FESTIVAL RECAP: Thank You, John Torres, and the Poughkeepsie Public Library Staff & Volunteers

I want to start with the thank you’s before getting to the more interesting stuff. Boring, I know. I half expect to hear the orchestra play me off stage. I’ll be quick, promise.

I was invited to participate at Saturday’s Poughkeepsie Children’s Book Festival and it was a really nice day that couldn’t have happened for me without the help of many people. 

The person I owe the greatest thanks is John Torres, who somehow orchestrates the massive event without (seemingly) fuss or stress. Part of that is because he has a lot of help. I want to thank the staff at the Poughkeepsie Public Library. Somehow there’s a free book voucher for every child who shows up (17 and younger) and I know that requires a lot of behind-the-scenes fundraising and publicity efforts. All I do is benefit from their hard work. 

In my experience, festivals are also determined by the quality and quantity of volunteers. We couldn’t do it without the many blue-shirted volunteers who help us out throughout the day, especially my favorite, John’s daughter Isabella, who hangs around every single year. I feel like we’ve grown up together! Isabella is quiet and unassuming. Running errands, looking to be helpful with water or sandwiches or whatever.  Yet she pretends not to hear me when I request a simple cocktail.
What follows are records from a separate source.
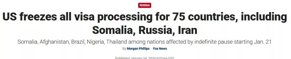 FOX报道截图:美国暂停对包括索马里、俄罗斯、伊朗在内的75个国家的签证办理。受此无限期暂停影响的国家包括索马里、阿富汗、巴西、尼日利亚、泰国等,暂停期自1月21日起生效。 美国国务院暂停75国移民签证受理 以强化“公共负担”审查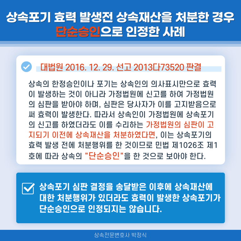 위와 같이 상속인이 상속포기를 하기 전에 상속재산을 처분하게 되면 상속을 승인한 것과 같은 결과가 발생하게 되고 상속을 승인한 이후에는 상속포기 신고를 하여 그 신고가 수리된다고 하더라도 상속포기로서 효력이 발생하지 않게 됩니다.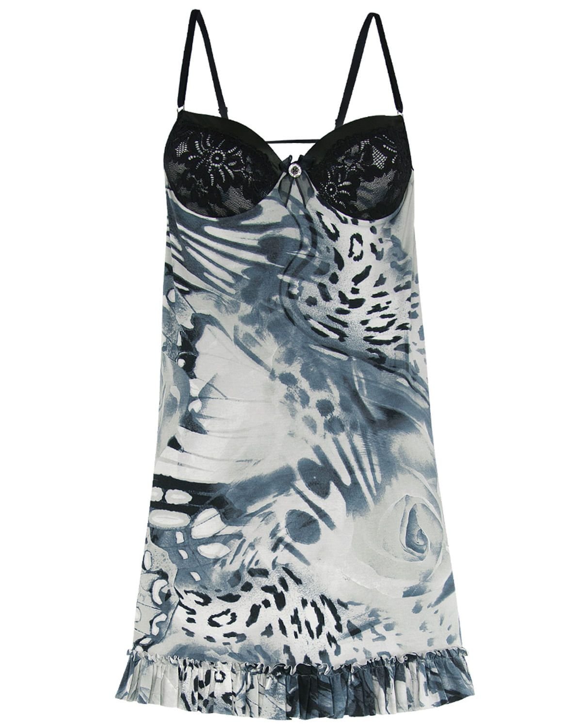 Esta camisola é perfeita para momentos únicos e especiais. Feita em macia viscose com moderna estampa animal print, bojo estruturado com renda e cetim sobrepostos, será difícil não ter uma noite encantadora, sensual e confortável. Destaque para aplicação botão com aplicação de strass no busto.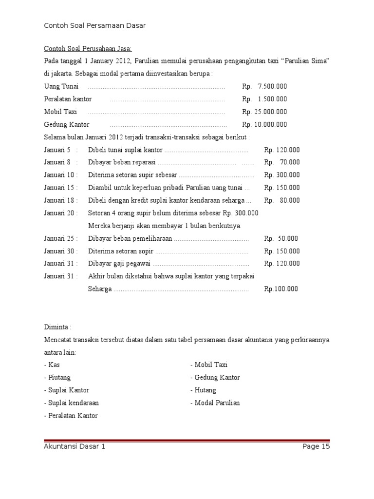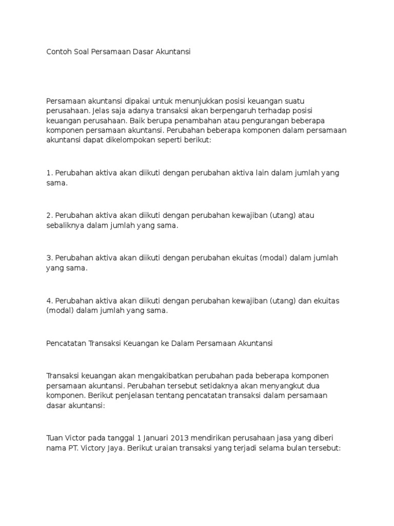 Contoh Soal Persamaan Dasar Akuntansi Diminta Buatlah Persamaan Dasar Akuntansi Dari Transaksi Transaksi Diatas Jawab Pdf Download Gratis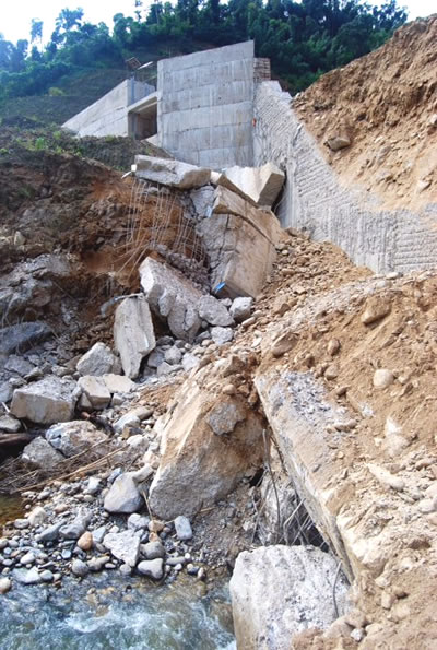 Hiện trường ngổn ngang tại tường thượng lưu thủy điện Đăk Mek 3. |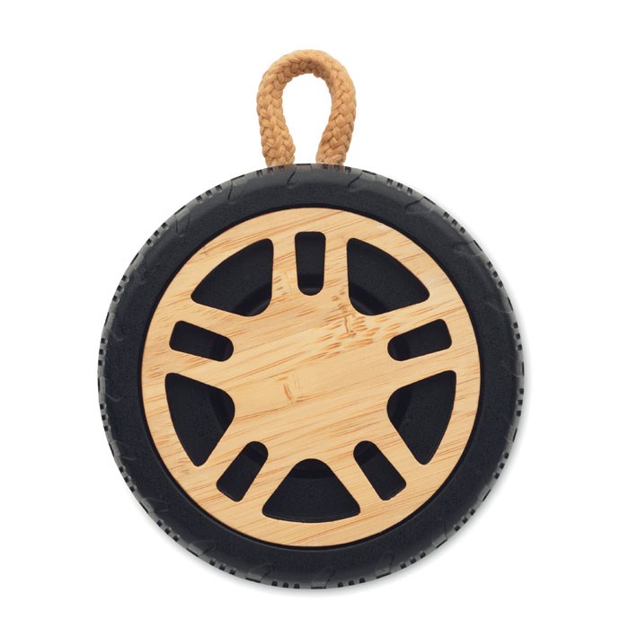 5.3 wireless Lautsprecher (3W) in Optik eines Autoreifens. Recyceltes ABS mit Details aus Bambus. Handschlaufe aus Baumwolle. Inkl. 1 wiederaufladbare 400-mAh-Batterie.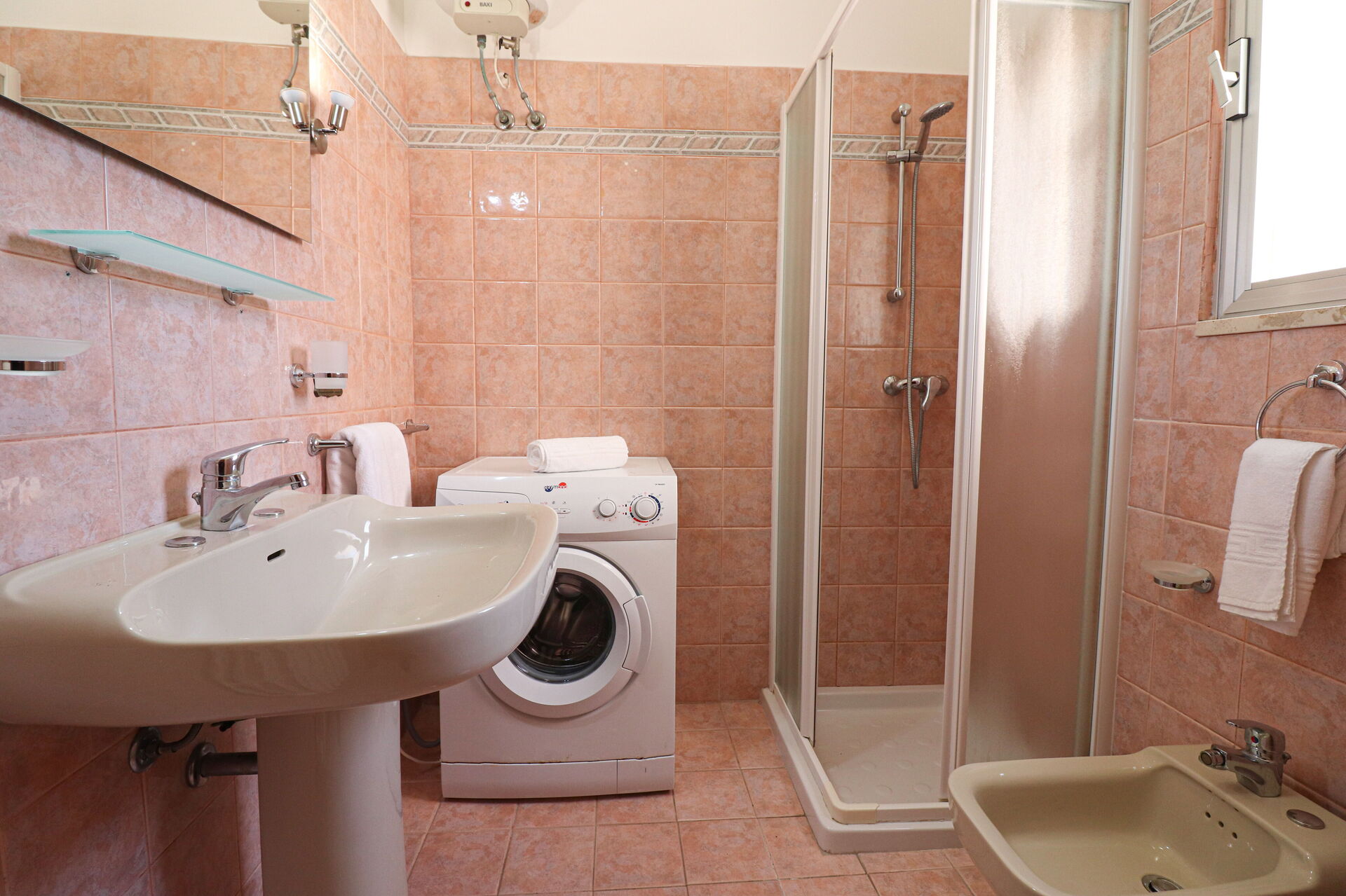 Bathroom 1: basin, toilet, bidet, shower, hairdryer, washing machine.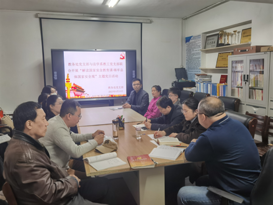 为深入贯彻落实总体国家安全观,增强全民国家安全意识,4月13日下午,在我国第八个全民国家安全教育日之际,法学系教工党支部与教务处党支部在行政楼B203会议室联合开展“解读国家安全教育课·铸牢总体国家安全观”主题党日活动。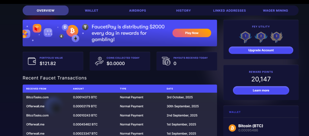 FaucetPay partners with hundreds of faucets that reward users with small crypto amounts for simple actions, such as solving captchas or claiming bonuses. You can claim rewards as often as the faucet permits, and funds are credited instantly to your FaucetPay wallet.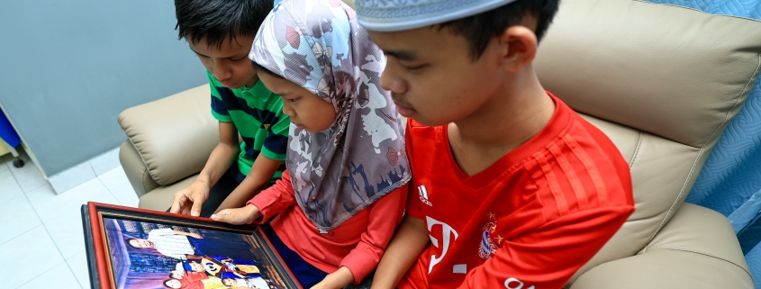 Anak sulung Allahyarham YM Ungku Mohd Zaffrin Ungku Mohd Zaman, YM Ungku Muhamad Nadzim Ungku Muhamad Zaffrin, 15, bersama dua adiknya, YM Ungku Muhamad Naufal, 11, dan YM Ungku Arissa Zahra, 10. | Foto MDJ Wira Anggara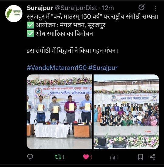 सूरजपुर में वन्दे मातरम् 150 वर्ष पर राष्ट्रीय संगोष्टी सम्पन्न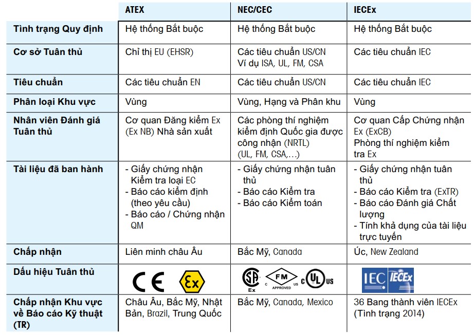 Bảng so sánh Chỉ dẫn ATEX NEC/CEC và IECEX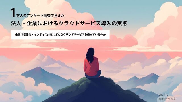 法人向けにITサービス事業、クラウドサービス導入支援事業を展開する株式会社ハイパーでは、2023年11月に、ビジネスパーソン1万人を対象にクラウドサービスの導入状況についてアンケート調査を実施しました。 トレンドの電子帳簿保存法・インボイス制度対応にどんなクラウドサービスを使っているのか?等、これからクラウドサービスの利活用を検討されている方、更に加速したい方の参考になれば幸いです。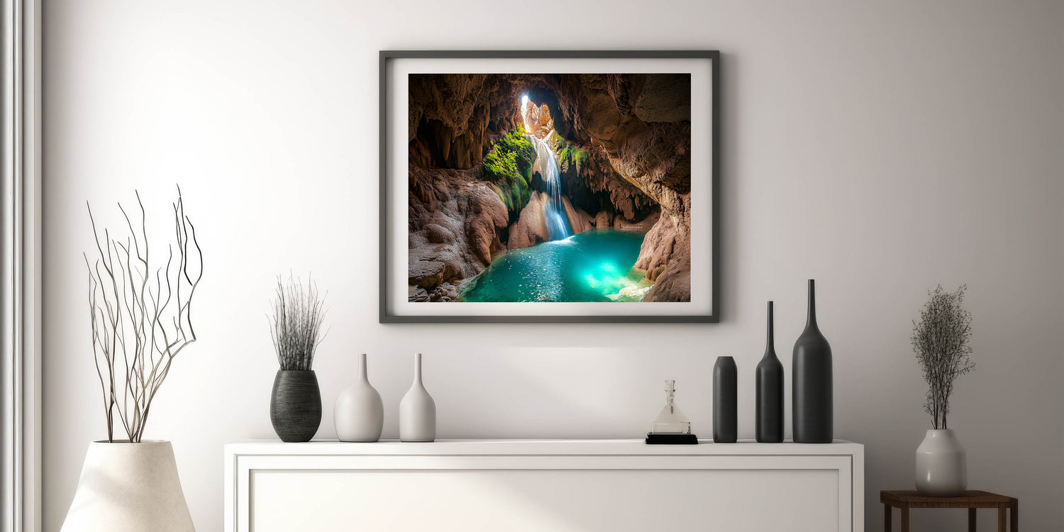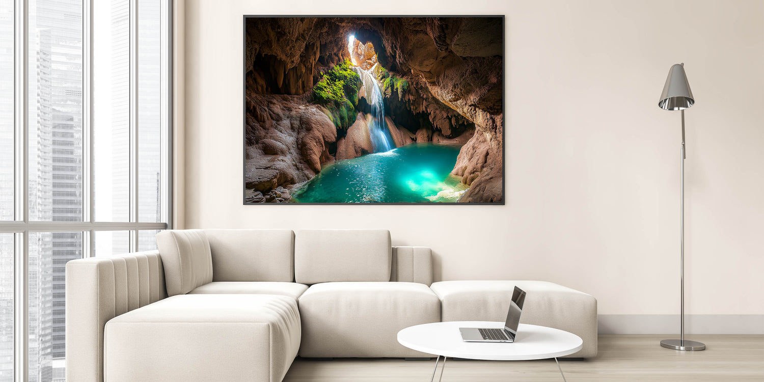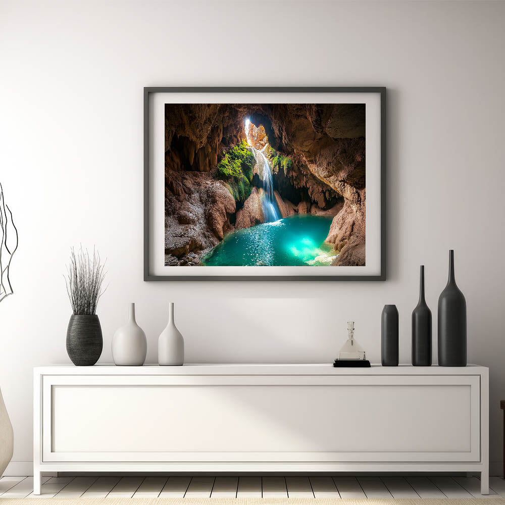 Elevate your decor with this captivating cave wall art featuring a hidden waterfall cascading into a serene turquoise pool. The lush greenery and soft natural light filtering through the cave entrance create a breathtaking scene of tranquility. This artwork beautifully captures the harmony of water, light, and stone, making it a perfect choice for modern, rustic, or nature-inspired interiors.

You might not even notice her. And every year I think the same thing: Still waters run deep

As a formerly shy kid myself, I’ve always liked and trusted the quiet ones.

Thanks, too, to Kira Wizner at Merritt Bookstore. When it all runs smoothly, we don’t notice they are there. But heaven forfend, when there’s a mistake, they stand up and take the heat. Thanks for everything, Kira; you do good work.  

Anyway, it’s a funny thing about these festivals. Sometimes authors will ask me, “How’d it go? How did you do?” And maybe for some the idea is whether you’ve moved product. And, yes, that’s a beautiful thing. Young readers coming up, grabbing your books and racing off with smiles on their faces. It’s great to be popular. And, yeah, to actually have a viable career. To write or illustrate books that people want. It’s not nothing. 

But maybe because I’ve never been that writer with the big bestseller, I’m just a guy who has somehow lasted 40 years in this business, I’ve kind of steered away from measuring “a good day” by that standard. I don’t keep track of how many books I sell. Instead I tend to look at conversations I have, people I meet, the beautiful families that sometimes come along — the parents, the kids, all enjoying themselves, gathered around for a chat. The way those parents stand back and give their children the time and space to explore the books, meet the authors, ask questions, and finally (sometimes agonizingly!) choose one (or three!) for themselves. It warms the heart to see these families, and these young people who are supported and so obviously loved.

And then there’s the story of Jacob . . .

I love when this kind of thing happens. One this day, a reader, Jacob, returned to Poughkeepsie after meeting me at least 2-3 years ago. Back then, he was a cool, confident, upbeat kid. Now he’s even cooler. Yesterday there was that expectant look in his eyes, like, “You remember me, right?” And of course I can’t even find my car in the parking lot. I stammer something. Finally bells go off and the lights turn on: “Jacob! You’re older!” I think he was tearing through my Scary Tales books last we met. Now he’s moved on to Blood Mountain. It’s a good feeling for me, exactly like seeing an old friend. Thanks, Jacob. And thanks, Mom, for the support and the photo and for, you know, Jacob.